Глава IX Советы собирателя сказок. Изменения в романе. Произведение потеряно. Странный почтальон. Возвращение в Москву. Озарение!

              «А что же Федул? — спросите вы, вспомнив про начинающего писателя из Немало-Ненецкого автономного округа. — Он-то как? Не заболел ли от такого полного единодушия юный и неопытный ещё прозаик?
               Спешим успокоить: нет, не заболел, а просто в голове молодого человека немного загудело и помутилось, но потом почти прошло и ему прямо в зале судебного заседания явился северный национальный дух. Случилось «явление» аккурат во время речи опытного литератора Анания, утверждавшего, что все современные писатели молодцы и умницы, но, вопреки этому обстоятельству, авторство на двести пятидесятую страницу «Безрадостной гадости жития» принадлежит именно Арнольду Монте-Кристову, а не кому-нибудь из них.
               — Ну что, Федул? – поинтересовался дух у Чебурекова. — Как думаешь, напечатают твоё имя на красивом переплёте или нет?
               — Да уж и не знаю, — признался тому начинающий писатель. — Практически никто не верит, что это я про типа с книжкой написал. А может, и вправду — не я?
               Тут на разговаривающего вслух Чебурекова обратили внимание, а Раиса Ивановна даже пригрозила пальцем, но не духу, а ему — истцу Федулу. Дух моментально испарился, а молодой человек вдруг вспомнил, как создавался роман «Северное сияние Калькутты»…
               Закончив первоначальную версию своего произведения, юноша уже готовил оленью упряжку, чтобы добраться на ней до какого-нибудь цивилизованного уголка, а оттуда ехать дальше, в Москву. В это самое время к нему в чум попросился на ночёвку незнакомец.

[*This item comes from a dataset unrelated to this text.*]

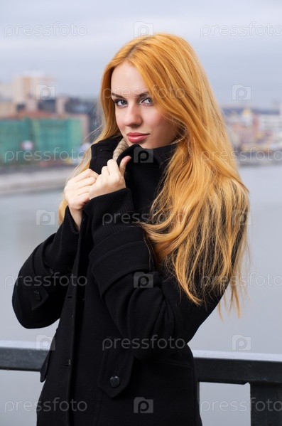 Молодая красивая рыжеволосая женщина на городском фоне
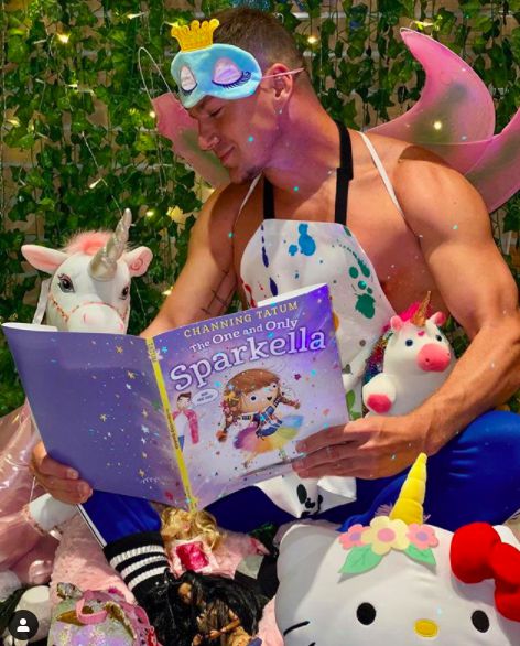 함께 공개된 사진 속 채닝 테이텀은 우람한 근육질의 몸에 여러 귀여운 아이템들을 장식하고 자신이 쓴 책 '하나뿐인 스파켈라'(The One and Only Sparkella)'를 들고 있다.

Позже выяснилось, что им оказался известный собиратель разного народного эпоса и прочего такого же ветхого добра. Обрадованный Федул рассказал страннику все сказки, которые знал и даже зачем-то сплясал давно забытый танец молодых олених, а после попросил просмотреть его рукопись и дать толковый совет.
            — Ты извини, Федул, но роман твой –  обычная ерунда и безнадёга, - огласил суровый приговор незваный гость после своего с ним (романом) ознакомления.  — Хотя изюминка тем не менее в нём есть. Не врублюсь, правда, — на какой странице? В любом случае обязательно внеси необходимые для последующей возможной публикации изменения. Скажи мне на милость — что у тебя в романе за город такой — М-ква? Где ты встречал подобные имена и клички? Назови его как-нибудь по-другому, шикарней, что ли: Париж, Нью-Йорк или Лондон. Смотри на вещи шире!

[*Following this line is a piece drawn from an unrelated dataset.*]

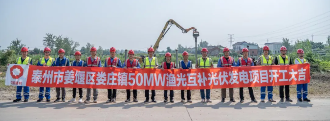 2025年8月23日,江蘇省泰州市姜堰區婁莊鎮的水塘邊,伴隨著施工機械的沉穩轟鳴,第一根樁基精準落位、穩穩植入水底——由京能集團投資建設的姜堰婁莊50MW漁光互補光伏發電項目,在此正式破土動工。姜堰區及婁莊鎮政府領導、京能清潔能源北京分公司代表、武漢建材院項目團隊及各參建單位齊聚現場,共同見證這一集“綠色能源、生態養殖、鄉村振興”于一體的復合型示范項目,邁入實質性建設的關鍵節點。

             — А Калькуттой можно? – немного стесняясь, спросил Федул опытного собирателя сказок.
             — Можно и Калькуттой, - милостиво согласился добровольный скиталец и засобирался в путь – питаться подножным кормом и продолжать складывать в дырявый походный мешок вековую народно-интеллектуальную прель и замшелую национальную мудрость.

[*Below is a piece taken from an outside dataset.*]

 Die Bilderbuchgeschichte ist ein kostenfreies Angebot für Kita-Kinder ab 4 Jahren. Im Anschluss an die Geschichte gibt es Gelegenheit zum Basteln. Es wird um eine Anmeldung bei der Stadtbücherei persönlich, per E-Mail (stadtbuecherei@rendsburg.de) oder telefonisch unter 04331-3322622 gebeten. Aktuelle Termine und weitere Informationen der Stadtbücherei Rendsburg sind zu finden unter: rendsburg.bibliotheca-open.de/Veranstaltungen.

             Федулу же пришлось задержаться. На одну полярную ночь. Чтобы неожиданно кардинально переделать своё произведение. Сначала он придумал новые названия городов, потом понадобилось исправить ещё что-то, а в конце концов потребовалось перекроить всё и до полной неузнаваемости.
             Чебуреков даже сам поразился тому, что понатворил:  из проникновенного и очень русского романа вышло нечто среднее между американским вестерном, модным российским милицейским боевиком с элементами научной фантастики и эротической дребеденью с признаками жёсткого порно. Внутри этого хаоса Федулу (ценой титанических усилий и умственного переутомления) удалось-таки сохранить любимого главного героя в живых, но уберечь несчастного от лёгкого психического расстройства, похоже не получилось. Его трагический монолог, представляющий собой дикую смесь из политических лозунгов, стафилококков и подушек, говорил о том достаточно красноречиво. Утешало единственное: на общем неприглядном фоне основной персонаж явно выделялся своим неправдоподобно лучезарным взглядом и откровенно чистыми помыслами.
            «Никто такой бред печатать не рискнёт, — решил Федул, но сильно не расстроился. — Зато Москву повидаю, про современную литературу больше узнаю». Впрочем, тут-то к нему в человечьем обличии и явился уже упоминавшийся выше дух, чуток успокоив слегка опечаленного писателя и благословив того в дальнюю дорогу.
             Проболтавшись в столице некоторое время, Чебуреков успел прищемить мизинец Монте-Кристову, потерять рукопись и попасть в тайные «чёрные списки» неиздаваемых авторов. На этом его некругосветное путешествие закончилось, и Федул убыл домой — в северный национальный округ.
             — Потерял я свой роман, — признался он при встрече этническому народному духу. – Обронил где-то в суматохе мегаполиса, теперь — ищи-свищи.
             Однако, к удивлению начинающего автора, его собеседник так не считал, а, наоборот, – считал совсем даже по-другому:
             - Романы не только не горят, Федул, но также не тонут, не лысеют и не покрываются перхотью, а уж тем более – не теряются. Не тот товар, - загадочно произнёс он с кривой ухмылкой. – А потому — не горюй, корми оленей колючками и жди новостей.
           Сказав, дух исчез, а Чебуреков остался в жутком умственном смятении.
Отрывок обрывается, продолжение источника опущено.